Prof John Farrington, of the University of Aberdeen's school of geosciences, and who will be director of the Rural Digital Economy Research Hub, said: "Untapped economic potential in rural areas is of crucial significance.

"Digital technology has a key role to play in realising this potential.

"The Rural Digital Economy Research Hub based at the University of Aberdeen will develop advances in technology which have the potential to transform how people in rural communities live and work in the future."

Prof C Duncan Rice, principal and vice-chancellor of the University of Aberdeen, said it was "an extremely important" grant.


"[It] will create 60 new posts and studentships," he said.

"It brings together experts from different disciplines to exploit rapidly-advancing digital technology and bring economic, health, and quality of life benefits to rural communities.

"This will not only harness economic potential but also change in very practical ways the lives of millions of people across the UK and beyond."

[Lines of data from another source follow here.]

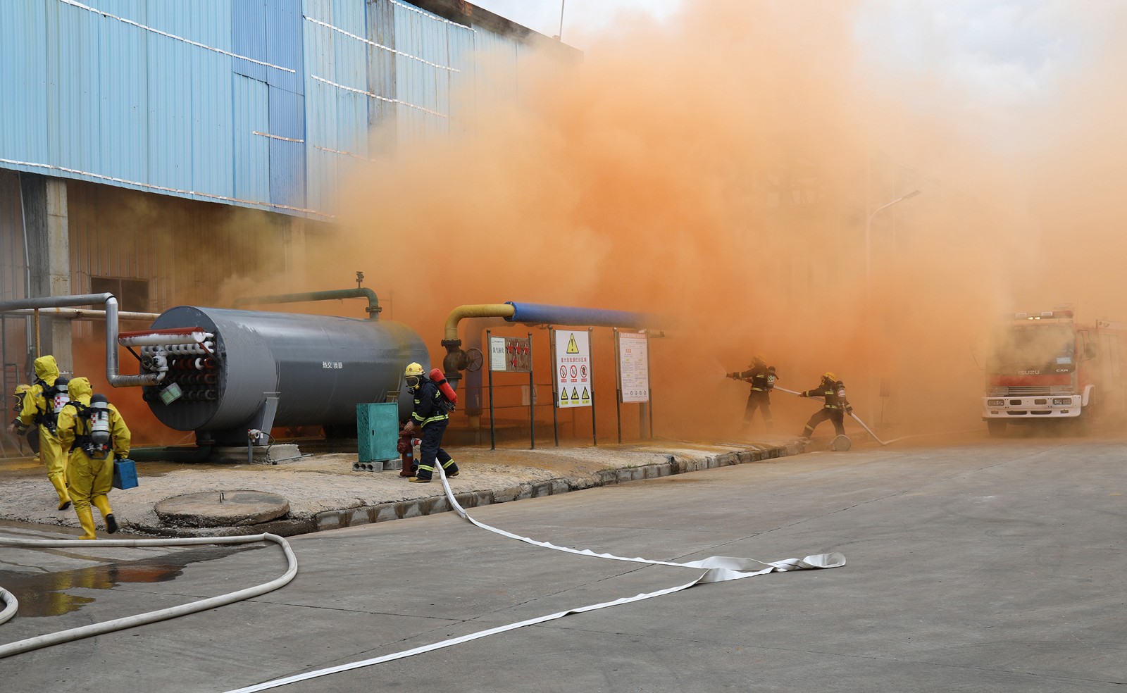 “報(bào)告班長(zhǎng),液氯充裝屏蔽泵區(qū)域有大量氯氣泄漏,情況不明?!薄皥?bào)告梁廠長(zhǎng),液氯充裝屏蔽泵區(qū)域附近有大量氯氣泄漏,情況不明?!薄笆盏?,立即啟動(dòng)氯氣泄漏事故應(yīng)急預(yù)案?!薄?月18日上午,市產(chǎn)業(yè)集團(tuán)公司2020年危險(xiǎn)化學(xué)品事故應(yīng)急救援演練活動(dòng)在市產(chǎn)業(yè)集團(tuán)廣西柳化氯堿有限公司生產(chǎn)區(qū)內(nèi)舉行,集團(tuán)公司黨委副書(shū)記、總經(jīng)理黃哲毅,副總經(jīng)理覃立基出席并指揮演練活動(dòng),集團(tuán)公司資產(chǎn)管理部工作人員及集團(tuán)公司所屬企業(yè)代表參加演練活動(dòng)。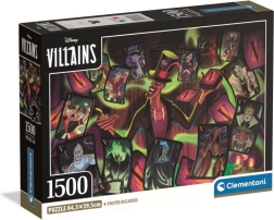 Descoperiți distracția și provocarea asamblării cu acest puzzle de calitate de la marca Clementoni. Imaginea asamblată are dimensiunile de 84,5 x 59,5 cm și imprimarea sa precisă și culorile vibrante garantează că veți putea savura fiecare detaliu. Acest motiv specific reprezintă o colecție unică a celor mai îndrăgiți ticăloși Disney, ceea ce face ca acest puzzle să fie o piesă unică pentru orice fan al filmelor de animație.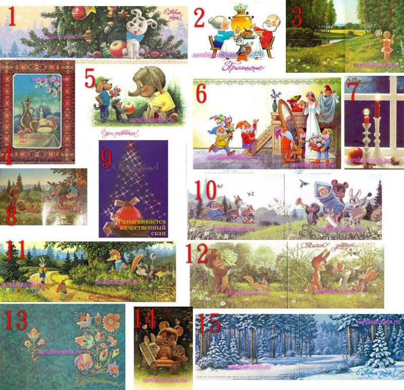 Здравствуйте! Большое спасибо, что откликнулись на наше сообщение про открытки!!!! Может, у Вас будет возможность поискать.... (Это открытка С Рождеством!" у меня на фото она под номером 7) Поищите ПОЖАЛУЙСТА!!!! Так хочется пополнить коллекцию.... Я куплю у Вас!!!! На всякий случаю высылаю и сюда фото нужных открыток... может, и еще что-то отыщется.... А еще мы коллекционируем поздравительные открытки 50-60-х годов!! (новогодние, поздравляю, первомайские, агитационные, с пионерами, детьми и животными, с новосельем и т.п.) |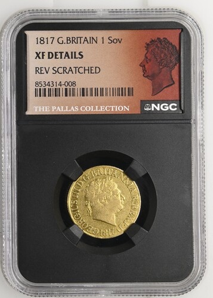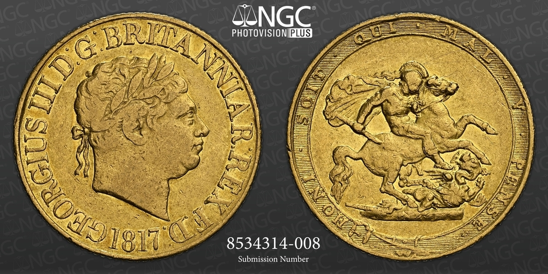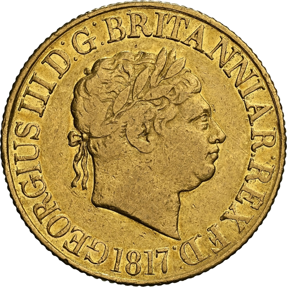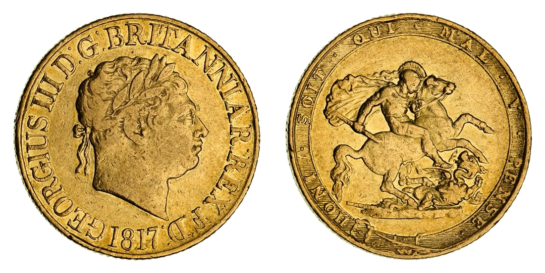(g) NGC XF | George III (1760-1820), 'New Coinage', Sovereign, 1817, laureate head right, rev. St George and Dragon, edge milled, 7.914g, 6h (Marsh/Hill 1; MCE 464; EGC II, 895; Stratos 114; S.3785), rubbed but residually lustrous, the centres bolder than fine, the peripheries very fine or better, the supremely popular seminal year of issue, in NGC Black 'Pallas' holder, graded Extremely Fine (Cert. #8534314-008)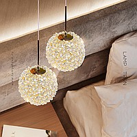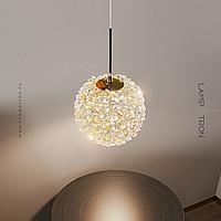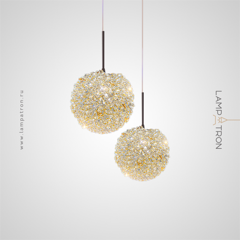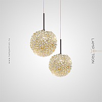 A series of pendant lamps with a spherical lampshade made of crystal elements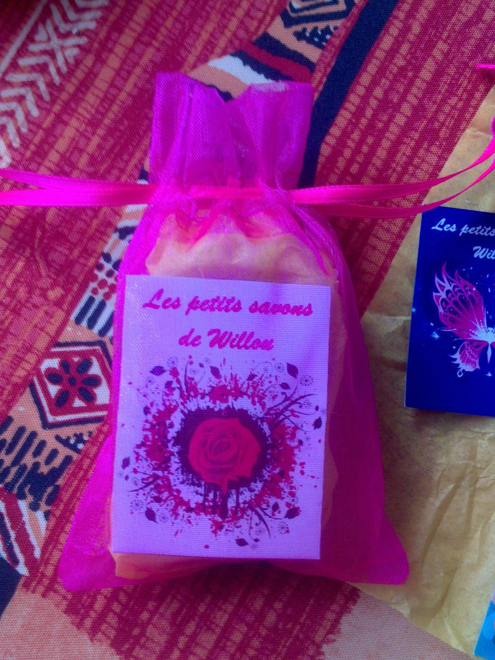 j’ai été super gâtée avec mes ptits savons. J’ai de quoi me laver pendant quelques semaines. J’ai utilisé ce soir sous la douche le papillon rose (désolée ma soeur mais je ne suis pas capable de te dire ce que vous avez mis dedans). Je pense que c’est le savon exfoliant.J’ai la peau toute douce maintenant.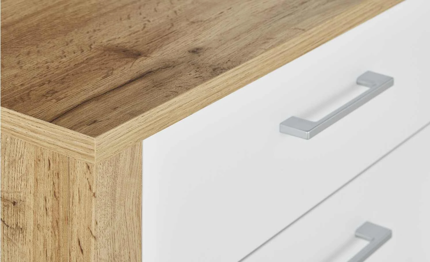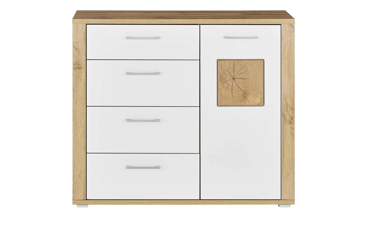 Modernes Design lässt sich wunderbar mit natürlichen Akzenten kombinieren. So wie bei der Kommode Yambio von uno. Die geradlinige Linienführung und weiße Front wirken modern, während sich der Korpus in rustikaler Eiche Altholz (Nachbildung) absetzt. Ein besonders interessanter Eyecatcher ist die Frontabsetzung in Hirnholz (Nachbildung). Sie greift die Optik eines aufgeschnittenen Baumstammes auf, bei der Sie die Jahresringe erkennen können. Yambio ist mit vier Schubladen und einer Tür ausgestattet. Alle vier Schübe verfügen über einen sanft schließenden Selbsteinzug, die Tür ist mit einer Soft-Close-Ausstattung versehen.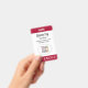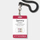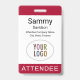 Personalize nosso crachá de participante profissional com o logotipo do evento, o nome do participante e outro texto personalizado. É plástico pvc e disponível com um jardim, clipe ou um rolo retrátil. Projetado em vermelho escuro e outras cores com uma design moderna minimalista do MISOOK. Todas as cores são personalizáveis. Você pode, opcionalmente, adicionar outro conteúdo ao verso (código QR, termos etc.). Personalize facilmente o título do participante (convidado VIP, visitante, auto-falante etc.). Nenhuma quantidade mínima de ordem e nenhuma taxa de configuração.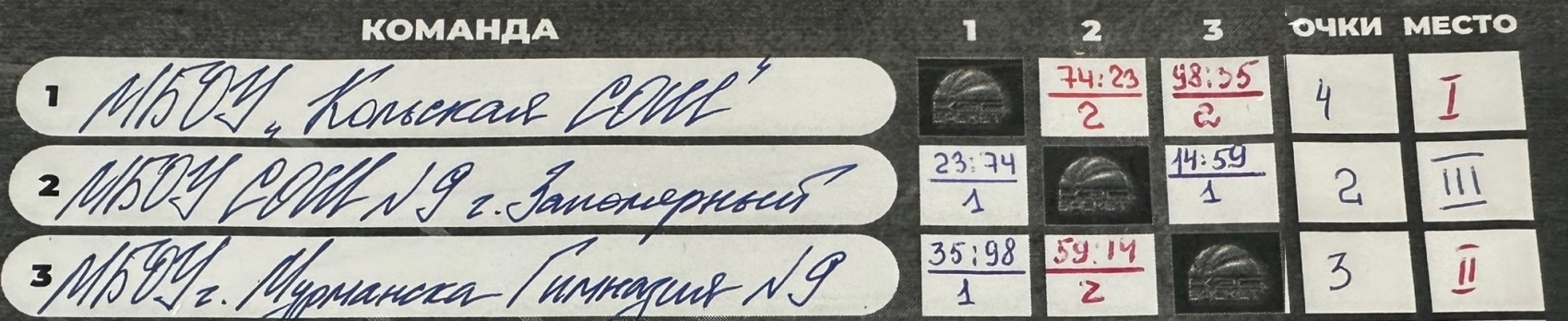 1 место — МБОУ «Кольская СОШ», г. Кола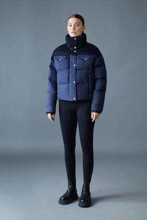 BRIGIT-DNM(브리짓-DNM)은 GRS 인증을 받은 리사이클 다운으로 제작된 자켓으로, 퍼포먼스 데님 쉘과 대비되는 새틴 요크가 특징입니다. 추운 날씨에 레이어링하기 적합하도록 설계되었으며, 앞지퍼 클로저와 스냅 플래킷, 조절 가능한 커프스, 겨드랑이 아일렛을 통해 통기성을 더했습니다. 여유로운 실루엣은 기능적인 보온성과 고급스러운 유틸리티 스타일을 균형 있게 담아낸 아이템입니다.

The University of Dundee will form a key part in the hub being led by Newcastle, which will address four fields where digital technologies and the building of a truly inclusive digital economy could deliver major social benefits: Connected Home & Community; Accessibility; Inclusive Transport Services; and Creative Industries.

A critical aspect of the research will be by working closely with people who are affected by social exclusion.

The team will work with a group of 3000 volunteers from the Dundee and Newcastle areas. This will include people from a range of age groups and with a variety of disabilities and learning difficulties.